Novartis on Monday announced that the Phase III CANOPY-A study evaluating adjuvant treatment with canakinumab (ACZ885) did not meet its primary endpoint of disease-free survival (DFS) versus placebo. The drug is an inhibitor of interleukin-1beta (IL-1β).
The trial was conducted in adult patients with stages II-IIIA and IIIB completely resected (R0) non-small cell lung cancer (NSCLC) and it did not give expected results.
No unexpected safety signals were observed and the findings from the trial will be presented at an upcoming medical meeting, the pharma major said in a statement on Monday.
“We made an investment in the CANOPY program based on signals of reduced lung cancer incidence and mortality observed in the CANTOS study. These positive signals supported the study of canakinumab as adjuvant treatment for early lung cancer. While we are disappointed CANOPY-A did not show the benefit we hoped for, every trial generates scientific evidence that supports future research and development, and we look forward to continuing to pursue new therapeutic options for people living with lung cancer, whose needs remain urgent and significant.
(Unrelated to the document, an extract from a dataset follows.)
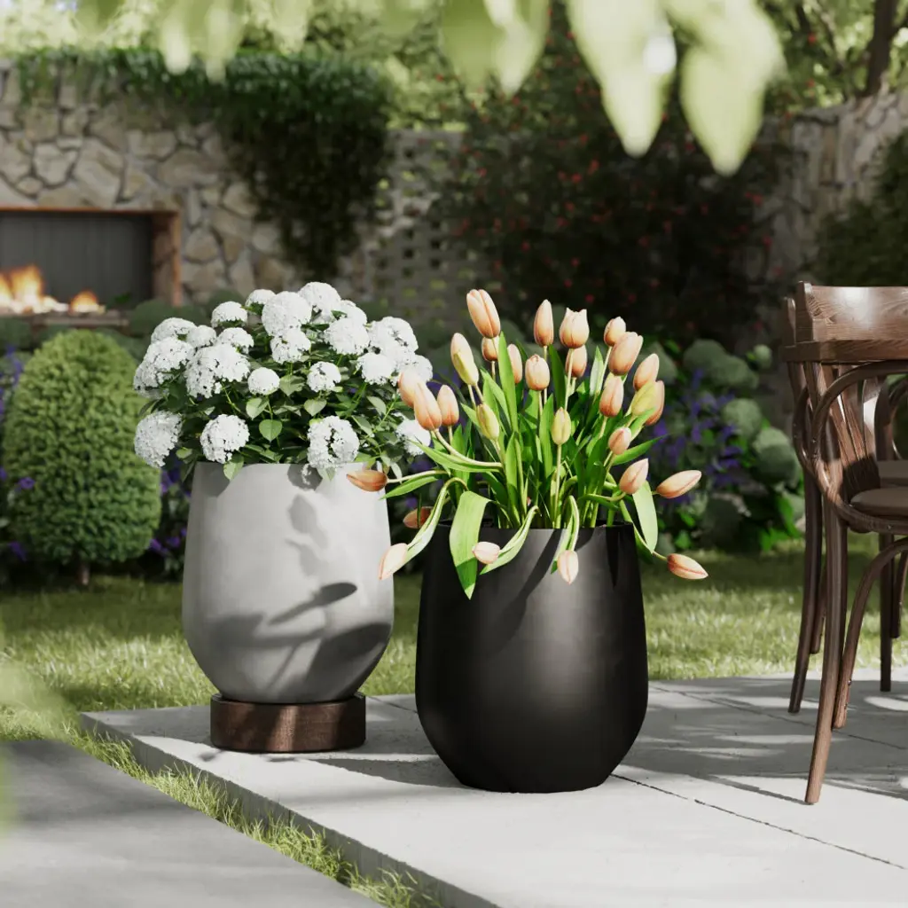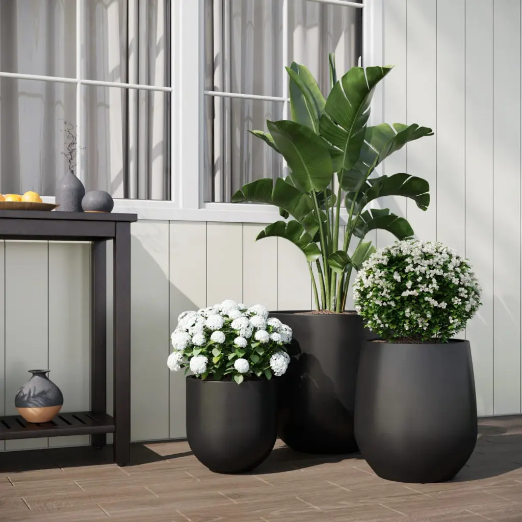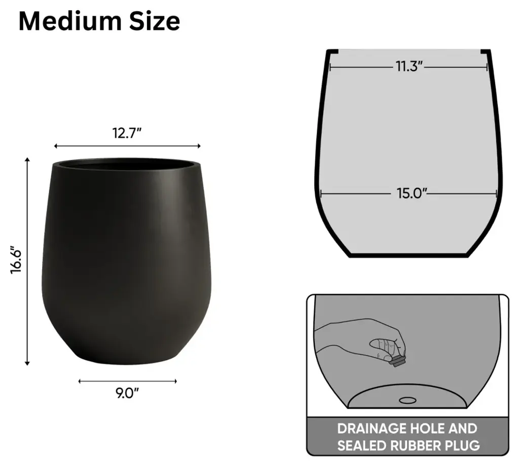 Mount Wilson planters are a perfect blend of style and functionality for plant lovers. The striking flared design makes it a captivating addition to any space. Our planter is crafted from a lightweight fiberstone composite material, blending fiberglass and natural crushed stone powder to provide added strength and durability while remaining lighter than typical stone planters. These planters would be a great addition to any outdoor or indoor space. Enjoy the combination of style and functionality that the Mount Wilson planters offer!•DURABLE & LIGHTWEIGHT: The fiberstone composite material ensures that they are lighter in weight yet still strong and durable. •WEATHER RESISTANT: Fiberstone planters are resistant to frost, UV rays, and cracking, making them perfect for indoor or outdoor use. The .6-inch drainage hole and included rubber plug ensure proper watering and optimal growing conditions for your plants. •STYLISH DESIGN: This modern tapered planter comes in a range of colors and sizes to suit any space especially when used as a single standalone or grouped in a set of three for a striking visual impact. Its contemporary industrial style brings a touch of modern elegance into your home.•SMALL PLANTER MEASURES: 11.8" height x 11" diameter (pot opening 8")•MEDIUM PLANTER MEASURES: 16.7" height x 15" diameter (pot opening 11.7")•LARGE PLANTER MEASURES: 21.7" height x 20" diameter (pot opening 15.7")•BUY WITH CONFIDENCE: Our customers'' satisfaction means everything to us. We take pride in our product"™s superior quality and craftsmanship. If for any reason you are at all unsatisfied with your purchase, simply contact us. We are so confident in our products that we offer a 30-day limited warranty (see item warranty information for details).•Made In Vietnam

We thank the patients and clinical investigators whose time and commitment made this research possible,” said Jeff Legos, Executive Vice President, Global Head of Oncology & Hematology Development, Novartis in a statement.
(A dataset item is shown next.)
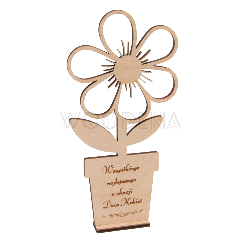 Kwiatek drewniany z grawerem - prezent na Dzień Kobiet

In the trial, 1,382 patients were randomized 1:1 to canakinumab, 200 mg subcutaneously every three weeks, or a matching placebo for up to one year. Moreover, the patients completed standard-of-care adjuvant cisplatin-based chemotherapy and radiation therapy, if applicable, prior to randomisation.
Last week, Novartis has recorded two deaths after treatment with its spinal muscular atrophy gene therapy Zolgensma and it once again brought gene therapy’s safety to attention. According to reports, two children in Russia and Kazakhstan died about five to six weeks after receiving Zolgensma.